Wells Fargo CEO Charles Scharf came under scrutiny in September 2020 for claiming it’s difficult to find “qualified” Black professionals in the financial industry. And then there’s John Schnatter, founder of Papa Johns, who was forced out of the pizza franchise after saying the N-word during a conference call. It wasn’t Schnatter’s first offense. These are just a few examples involving executives.

Regardless of whether they voluntarily resign or if they’re pushed out, leaders who choose to apologize must explicitly name the racial harm they’ve caused. Raceless apologies do little to restore confidence among the groups that were targets of those leaders’ racially derogatory statements. They must stand in front of the people, look them in their faces, and sincerely ask what they can do to repair the harm their words and actions inflicted.
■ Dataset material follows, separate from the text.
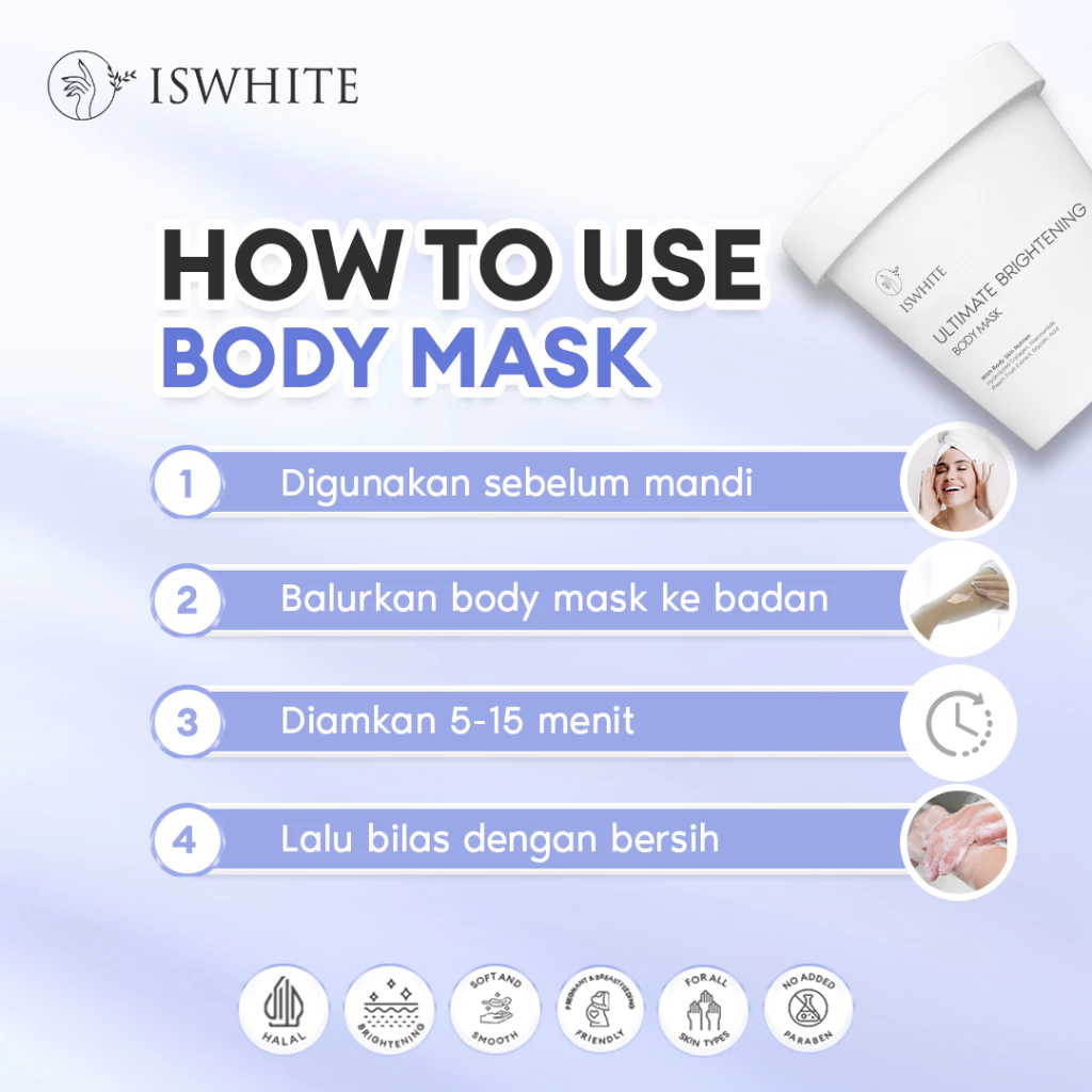 ISWHITE Masker Badan (Body Mask Brightening Ultimate) 70gr/200gr - Pencerah Badan Seluruh Tubuh Menghilangkan Bekas Luka

Through meaningful restorative actions, tarnished leaders must then make good on promises conveyed to those people during and long after the racial crises.

In many organizations, there are attempts to minimize the severity of colleagues’ racist remarks. “It depends on who you ask,” is the answer to the commonly-asked question, “was it really that bad?” White co-workers aren’t positioned to tell Black colleagues not to be offended by being likened to monkeys or by being called the N-word.

The L.A. City Council scandal confirms that it isn’t just white people who say racist things. The leaders involved were Latino. In their L.A. Times op-ed, University of Southern California professors Pedro Noguera and Manuel Pastor explain how anxieties about the loss of Latino political power resulted in a divisive zero-sum conversation that overflowed with racist remarks. Black and Latino tensions exist in many cities and organizations, but leaders don’t usually talk openly about them. There’s a chance that Martinez has long felt some version of what she expressed to Cedillo and de León. But how would we know?

Implicit association tests only go so far. More has to be done to explicitly and preemptively measure racist ideologies that leaders and elected officials bring to their roles. Waiting until they publicly make mistakes to put them into some sort of sensitivity training is irresponsible. Leaders, including people of color, need more upfront professional learning and coaching on confronting their implicit biases and racist perspectives about other groups. It ought not be presumed that leaders have anti-racist values, even if they are Latino, Black, Indigenous, or Asian American.

Most organizations find themselves scrambling to figure out what to do when it becomes known that their leaders said racist things. This is what happens when there are unclear, nonexistent, and raceless policies concerning leaders’ misconduct. Consequences for employees at all levels, including executives and elected officials, have to be more clearly spelled out before scandalous emails and audio recordings emerge. This has to be included upfront in policy documents, made clear in onboarding to leadership roles, and consistently reinforced.

In some contexts, leaders undergo extensive vetting prior to being appointed or allowed to stand for election. That vetting is typically raceless. “Does this person use the N-word and other racial epithets, have problematic views about other racial groups, or have a bad reputation among some communities of color,” aren’t questions normally included in vetting processes. They should be. So too should this one: “Is it entirely unthinkable that a recording or email could possibly exist in which this leader is saying racially offensive things?”

Lastly, there’s almost always a desperate desire to immediately move on when an organization receives significant attention for a racial crisis. Moving on too quickly denies workers and leaders opportunities to deeply unpack what occurred, why it happened, who and what parts of the organization remain susceptible to similar missteps, and how racial crises like these can be avoided in the future. For example, it would be a mistake to assume that Martinez, Cedillo, and de León are the only leaders in city government who would engage in such an inexcusably racist conversation. Hence, future coaching and professional learning experiences for elected officials in L.A. and leaders elsewhere should leverage this racial scandal as a case study.